4.1. Voor zover [appellanten] hiermee betogen dat de aangevallen uitspraak niet door een onafhankelijke en onpartijdige rechter is gewezen, is de Afdeling van oordeel dat daarvan niet is gebleken. Het enkele feit dat, naar [appellanten] stellen, de desbetreffende rechter met hen heeft gesproken, is daartoe onvoldoende.
Het betoog faalt.
Bestaan stichting
5. [appellanten] betogen dat de rechtbank heeft miskend dat een stichting met de naam "Schoolbestuur voor primair en voortgezet onderwijs tussen Lauwers en Eems-stichting" helemaal niet bestaat. Zowel de akte van oprichting als de aktes van wijziging van de stichting zijn nietig. Voor wijziging van de statuten is ingevolge artikel 48, zevende lid, van de Wpo en artikel 42b, zevende lid, van de Wvo instemming vereist van de betrokken gemeenteraden. In dit geval is niet gebleken dat de gemeenteraden of een gemeenschappelijk orgaan van die gemeenteraden hun instemming hebben gegeven. Daarnaast moeten bestuursleden ingevolge artikel 48, zesde lid, aanhef en onder b, van de Wpo en artikel 42b, zesde lid, aanhef en onder b, van de Wvo door de betrokken gemeenteraden worden benoemd. In dit geval is dat niet gebeurd. Doordat bij de oprichting van de stichting geen bevoegd bestuur is gevormd, konden de statuten nooit worden gewijzigd. [appellanten] verzoeken de Afdeling om de voor het verlijden van de aktes van oprichting en wijziging van de stichting verantwoordelijke notarissen te horen.

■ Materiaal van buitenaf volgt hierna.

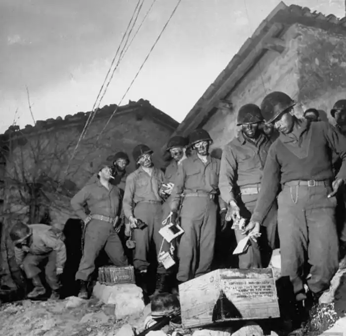 13. Американские пехотинцы бросают свои личные вещи в ящик, правила запрещают любую идентификацию, кроме бирок, при подготовке к ночному рейду на немецкие позиции. Италия. 1945 год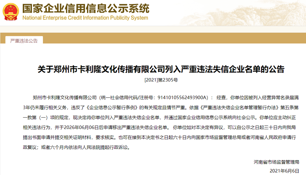 中國質(zhì)量新聞網(wǎng)訊 從國家企業(yè)信用信息公示系統(tǒng)獲悉,2021年6月6日,河南省市場監(jiān)督管理局發(fā)布關(guān)于鄭州市卡利隆文化傳播有限公司列入嚴重違法失信企業(yè)名單的公告([2021]第2305號)。

5.1. In artikel 286 van Boek 2 van het Burgerlijk Wetboek is bepaald dat een stichting bij notariële akte moet worden opgericht. Uit artikel 4, eerste lid, volgt dat een stichting niet ontstaat als deze akte ontbreekt. Voor een wijziging van de statuten van een stichting is ingevolge artikel 293 ook een notariële akte nodig. Als deze akte ontbreekt, is de wijziging van de statuten nietig. Als aan de totstandkoming van een stichting dan wel aan de wijziging van de statuten gebreken kleven, heeft dit niet tot gevolg dat de stichting niet is opgericht onderscheidenlijk dat de statuten niet zijn gewijzigd. Belanghebbenden kunnen de burgerlijke rechter verzoeken om de stichting te ontbinden (artikel 21) of het besluit tot wijziging van de statuten te vernietigen (artikel 295).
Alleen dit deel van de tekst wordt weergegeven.